1. Field of the Invention
The present invention relates to processors, and in particular to technology for efficiently executing programs.
2. Related Art
Conventionally, there exist operating systems (OS) that use a single processor to process a plurality of tasks in a pseudo-parallel manner.
An OS such as this makes a processor repeatedly execute the following processing.
The processor is made to store, in a register group within the processor, control information (hereafter “contexts”) showing an execution position, a data storage location and the like of a computer program (hereafter, simply “program”) corresponding to each task, to execute the task after obtaining a program, data and the like based on the stored context, to update the context following the execution of the task, and to write the updated context into memory.
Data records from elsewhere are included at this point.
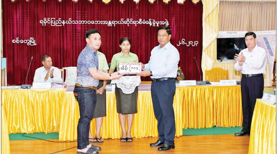
နိုင်ငံတော်စီမံအုပ်ချုပ်ရေးကောင်စီအဖွဲ့ဝင် ဒုတိယဝန်ကြီးချုပ်နှင့် ပြည်ထောင်စုဝန်ကြီး ဗိုလ်ချုပ်ကြီး တင်အောင်စန်း ရခိုင်ပြည်နယ် မုန်တိုင်းဒဏ်သင့်ဒေသများ ပြန်လည်ထူထောင်ရေးအတွက် အလှူရှင်များ၏ လှူဒါန်းငွေများကို လက်ခံစဉ်။

အဆိုပါ ပြည်တော်သာ(စစ် တွေ)-ရေချမ်းပြင် ရထားလမ်း သည် ၁၁ ဒသမ ၄၆ မိုင်ရှိ၍ ၂၀၀၉ ခုနှစ် မေ ၁၉ ရက်တွင် ဖွင့်လှစ်ခဲ့ပြီး လမ်းပိုင်းအတွင်း ပြည်တော်သာ၊ စစ်တွေ၊ ဇောပူဂျာ၊ ရေချမ်းပြင် ဘူတာ လေးဘူတာနှင့် စစ်တွေ တက္ကသိုလ်၊ မင်းဂံ၊ ဒါးပိုင်၊ ငပွန်း ကြီး၊ မဲဇော်ကုန်း ရပ်စခန်း ငါးခု ထားရှိကာကျောင်းသား ကျောင်းသူ များနှင့် ဒေသခံပြည်သူများ၏ ခရီး သွားလာမှု အထောက်အကူဖြစ်စေ ရေးအတွက် ပြည်တော်သာ (စစ်တွေ)-ရေချမ်းပြင် ခရီးစဉ်ကို RBE ရထားဖြင့် နေ့စဉ် အသွား အပြန် နှစ်ခေါက် ပြေးဆွဲပေးလျက်
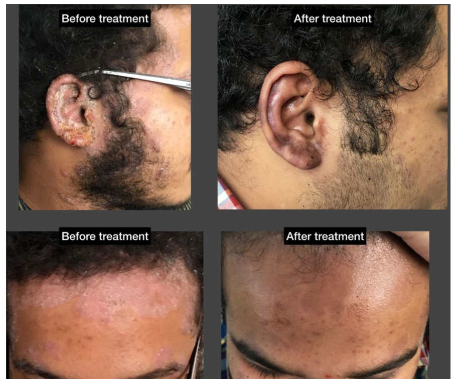
ФИГУРА 5 Случай 6 преди и след лечение на псориазис

Оценката на PASI резултата (Фигура 6) на тези случаи показва, че във всички тези случаи е постигнато значително изчистване на кожата. Ефектът от класическата хомеопатична терапия обаче е още по-изразен върху цялостното благосъстояние на пациента. Общото благосъстояние е един от най-важните фактори за лекаря хомеопат, за да оцени развитието на даден случай. Пациентите се оплакват от липса на благоприятни ефекти или влошаване на тяхното благосъстояние по време на терапията. Напротив, съпътстващите заболявания намаляват и общото състояние се подобрява. В три от случаите (случаи 1, 5 и 6) възпалителното състояние е оценено чрез кръвни тестове и е доказано, че е стабилно. Въпреки, че липсата на контрол и пристрастия към подбора затрудняват категоричното приемане на тази поредица от случаи
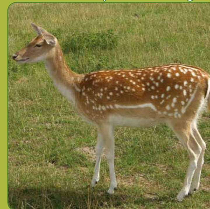
② Dåvildt hun/då - smuk rødbrun
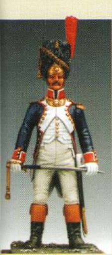
OFGRE: Officier de grenadiers 1806

Here, for the sake of convenience, the writing of a context stored in an external memory into a register group is referred to as “restoring”, and the writing of a context stored in a register group into an external memory is referred to as “saving”.
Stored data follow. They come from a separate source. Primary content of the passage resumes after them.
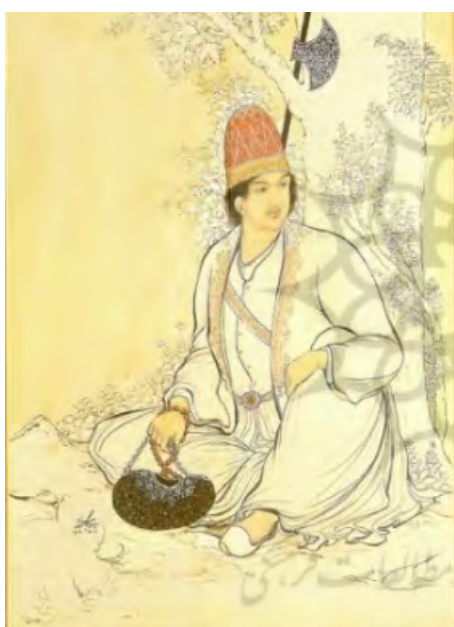
تصویر ۲: «نور علیشاه»، ۳۷×۵۰/۵، اجتماعی، ۱۳۳۰ ماخذ: (ناصری پور، ۱۳۸۳: ۱۲۴)

نمونه‌های معیار (منتخب) طبقات موضوعی در آثار حسین بهزاد (تصاویر ۱ - ۶)
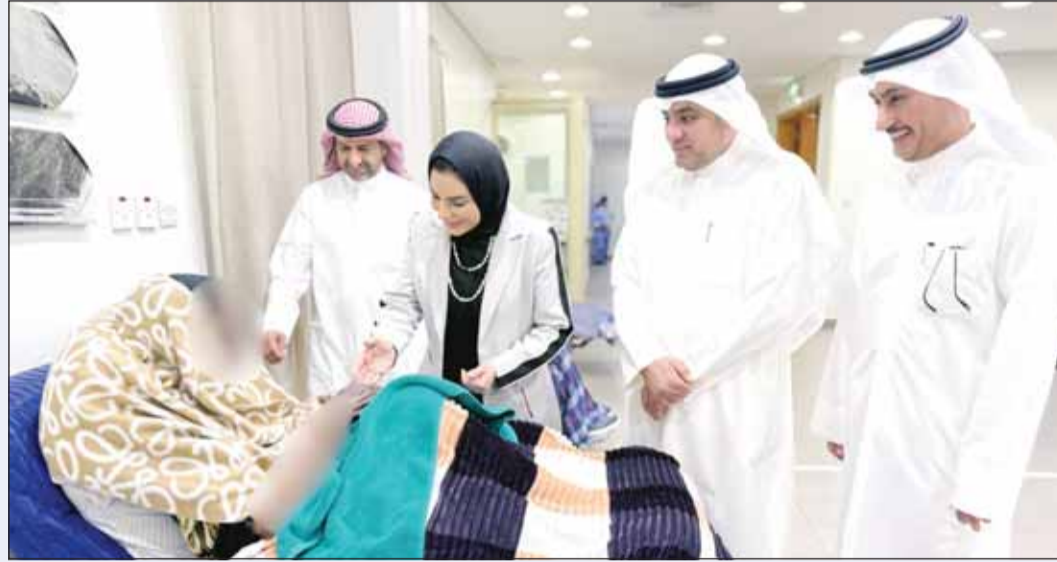
الوزيرة د. أمثال الحويلة خلال الجولة

وأضاف أن الوزارة ستعلن نتائج المتقدمين متضمنة درجة الاختبار الإلكتروني ودرجة المقابلة الشخصية والمجموع النهائي، عبر الموقع الإلكتروني الرسمي ومنصاتها على وسائل التواصل الاجتماعي فور اعتمادها، تعزيزاً لمبدأ الشفافية.
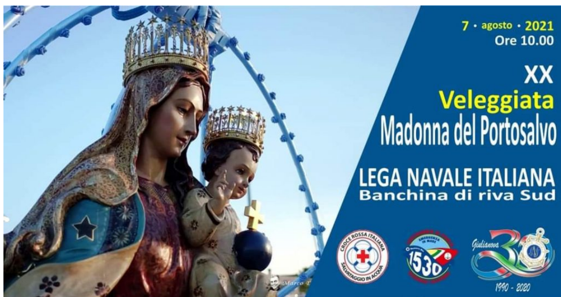
Madonna del Portosalvo
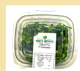
CEBOLINHA HIGIENIZADA 70g
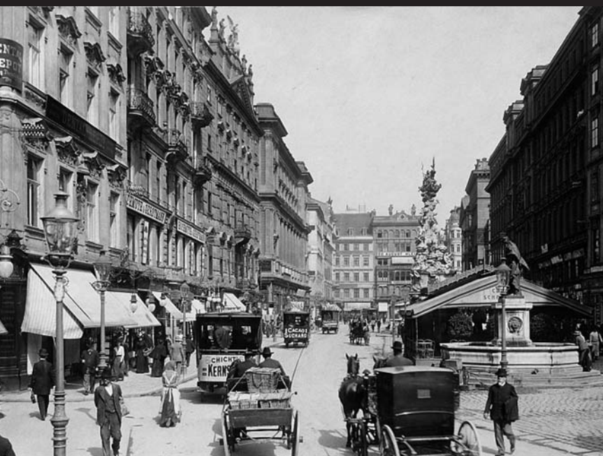
Vídeňská ulice Am Graben kolem roku 1900

FIG. 32 is a functional block diagram of a conventional processor 1001 that executes tasks under the control of an OS such as described above, and additionally shows a context memory 1010 that stores contexts.
Processor 1001 includes a processing execution unit 1002 that executing tasks, a processing control unit 1003 that performs controls relating to the processing conducted by processing execution unit 1002, and a register group 1004 that stores contexts of the tasks to be executed.
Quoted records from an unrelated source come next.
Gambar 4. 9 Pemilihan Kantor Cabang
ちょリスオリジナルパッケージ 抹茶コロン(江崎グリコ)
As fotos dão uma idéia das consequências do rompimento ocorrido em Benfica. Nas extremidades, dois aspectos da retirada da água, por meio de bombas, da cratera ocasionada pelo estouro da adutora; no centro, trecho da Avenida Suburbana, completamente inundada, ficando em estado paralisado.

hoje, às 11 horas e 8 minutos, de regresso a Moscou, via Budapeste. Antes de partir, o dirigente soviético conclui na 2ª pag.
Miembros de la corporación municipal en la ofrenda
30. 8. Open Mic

Register group 1004 is a collection of registers, each of which is for storing a context (i.e. a register value group) corresponding to a task.
Every time a new context is stored in register group 1004, processing execution unit 1002 obtains a program and data based on the new context, and executes a task.
Processing control unit 1003 saves a context already stored in register group 1004 by overwriting context memory 1010, judges which context should be targeted for storage in register group 1004, and restores a context by reading a targeted context from context memory 1010 based on the judgment and writing the read context into register group 1004.
As a result, it is necessary to interrupt the execution of tasks by processing execution unit 1002 for the duration of the saving, judging and restoring (i.e. updating of contexts) by processing control unit 1003.
FIG. 33 shows the execution of tasks in processor 1001, and the input/output of contexts between register group 1004 and context memory 1010.
Time flows from left to right in this diagram.
Here, the tasks are executed uniformly in the sequence task A, task B, task C and task D, and the processing returns to task A after task D.
Conventionally, when tasks are executed, the saving, judging and restoring described above are performed before a task is executed.
In other words, the saving, judging and restoring are incurred as an overhead in the execution of tasks.
Here, if a single processing cycle is defined as the processing from tasks A to D, the above OS regulates the execution sequence and timing of the tasks (i.e. schedules the tasks) in a single cycle.
Processing control unit 1003 determines, based on this schedule, a context to be targeted for storage in register group 1004 (i.e. the above judging).
By performing the above processing, it is possible for a plurality of tasks to be processed in a pseudo-parallel manner by a single processor.
Furthermore, there also exist processors that use hardware to execute the above saving, judging and restoring, and then process a plurality of tasks in a pseudo-parallel manner.
However, when a plurality of tasks are processed in a pseudo-parallel manner by a single processor as described above, efficient execution of the tasks cannot be conducted, because of the overhead incurred to perform the above saving, judging and restoring before a task is executed, and the subsequent time taken between completing one task and commencing the next task, in comparison to when a single task is executed continuously.
Particularly in the case of broadcasting devices and the like, such as television receivers and communication devices (e.g. mobile telephones), it is necessary for data processing to be executed under near realtime conditions. However, when a plurality of tasks are processed in a pseudo-parallel manner in devices such as these, it is difficult to realize the above near realtime execution of data processing using conventional task execution methods that incur the above overhead.